Datasets:
ACAD: Amodal Concrete Aggregate Dataset
I Nyoman Gede Arya Astawa¹, I Gede Teguh Satya Dharma¹, I Nyoman Suardika², and Made Pradnyana Ambara¹
¹ Department of Information Technology, Politeknik Negeri Bali
² Department of Civil Engineering, Politeknik Negeri Bali
Correspondence to: arya_kmg@pnb.ac.id or teguh@pnb.ac.id
Abstract
ACAD (Amodal Concrete Aggregate Dataset) is a procedurally generated synthetic image dataset with a resolution of 512 × 512 pixels, designed to support research on amodal instance segmentation for concrete aggregates. The dataset comprises 10,000 images organized into two controlled occlusion levels: low occlusion (3,000 images with a 10% overlap ratio) and high occlusion (7,000 images with overlap ratios of up to 55%).

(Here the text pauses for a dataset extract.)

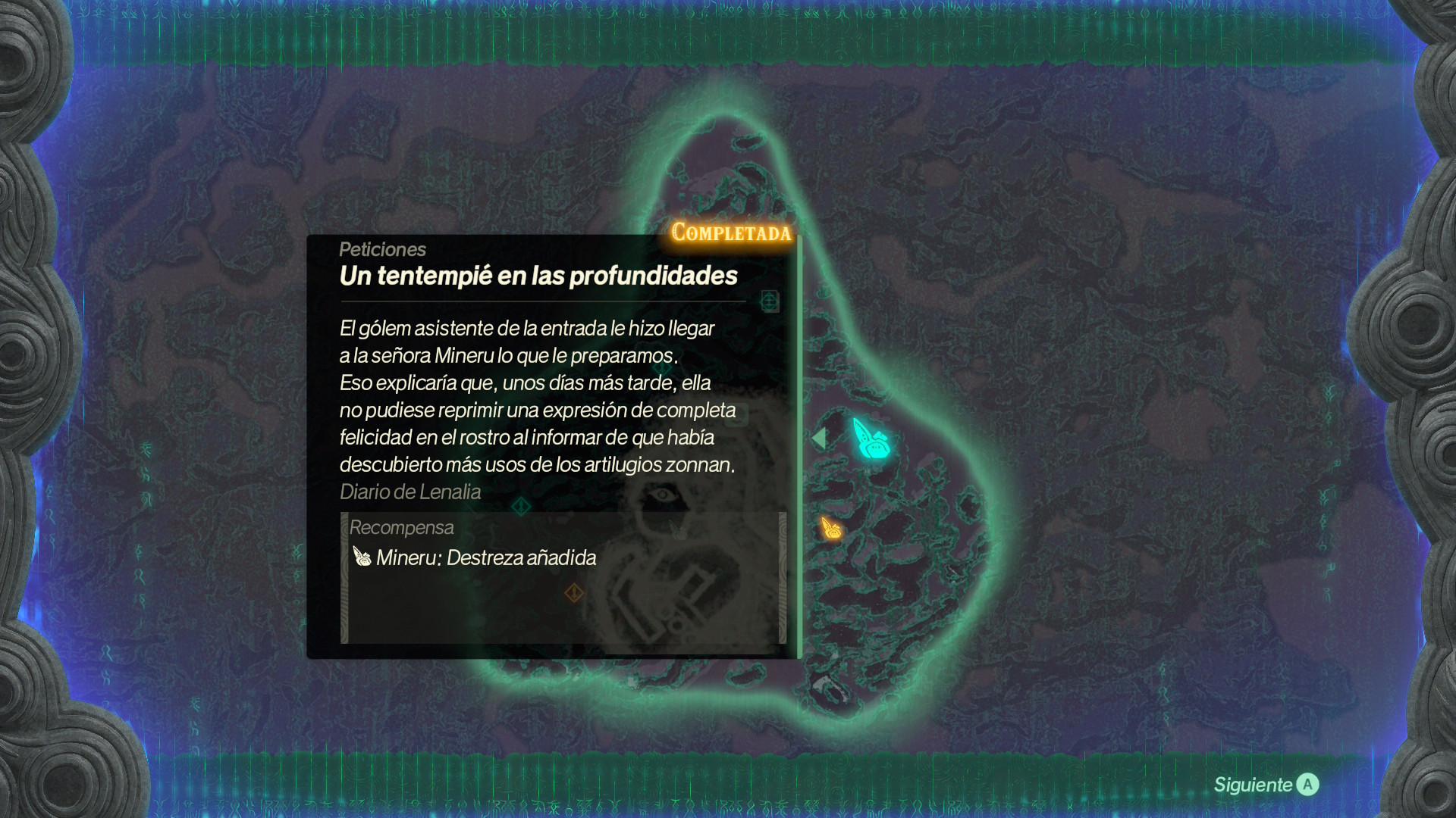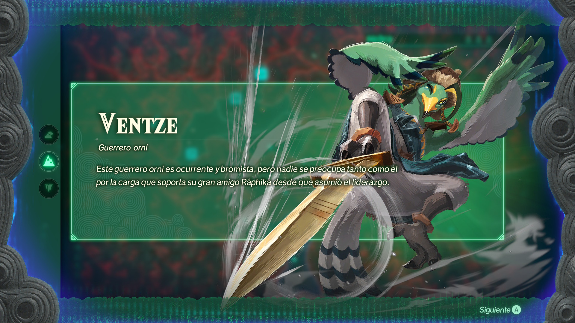 Mientras acompaña a Rauru y al resto de sabios, Zelda intenta encontrar la forma de volver a su tiempo, aunque todo apunta a que su papel en el pasado es más importante de lo que imaginaba. Ese conflicto entre regresar o quedarse es lo que mueve buena parte de la trama. Y, por el camino, aparecen figuras inesperadas, como Cálamo, un kolog bastante peculiar, o un gólem misterioso que parece destinado a cargar con parte del peso que, en otra época, recaería sobre Link.

ACAD defines two object categories: concrete aggregates and reference coins for physical scale calibration. Each object instance is annotated with both a modal polygon, representing the visible region, and an amodal polygon, representing the complete object silhouette. The dataset generation pipeline is fully deterministic through seed-controlled procedural generation, incorporating graded particle size distributions, random object rotations, photometric augmentation, and soft directional shadows. Released under the CC BY 4.0 license, ACAD provides a large-scale, controlled, and readily usable training dataset without requiring costly manual annotation for concrete material analysis.
Dataset Structure
The dataset is organized into separate directories according to occlusion difficulty levels, facilitating efficient data loading.
Directory Layout
ACAD_Dataset/
├── low_occlusion/ # Low Occlusion Subset
│ ├── images/ # Output Images JPG (prefix: lo_*)
│ ├── train.json # COCO Annotation + Amodal (2.400 images)
│ ├── val.json # COCO Annotation + Amodal (300 images)
│ └── test.json # COCO annotation + Amodal (300 images)
└── high_occlusion/ # High Occlusion Subset
├── images/ # Output Images JPG (prefix: hi_*)
├── train.json # COCO Annotation + Amodal (5.600 citra)
├── val.json # COCO Annotation + Amodal (700 citra)
└── test.json # COCO Annotation + Amodal (700 citra)
Quantitative Specification
| Specification | low_occlusion |
high_occlusion |
|---|---|---|
| Number of Images | 3000 Images | 7000 Images |
| Number of Aggregates | 10 - 20 Objects | 21 - 35 Objects |
| Number of Coins | 1 - 2 Objects | 1 - 2 Objects |
| Occlusion Ratio | ~10% | ~55% |
| Image Resolution & Format | 512 × 512 Pixels (JPG) | 512 × 512 Pixels (JPG) |
| Files | lo_000000.jpg to lo_002999.jpg |
hi_000000.jpg to hi_006999.jpg |
| Data Split (80/10/10%) | Train (2400) / Val (300) / Test (300) | Train (5600) / Val (700) / Test (700) |
Annotation Schema (COCO JSON + Amodal Extension)
Annotations are stored in the standard COCO JSON format, extended with a custom field for amodal annotations. The main components of the JSON file are as follows:
Categories
The dataset defines two object categories:
- aggregate (ID: 1): Concrete aggregate particles with varying shapes, sizes, and orientations.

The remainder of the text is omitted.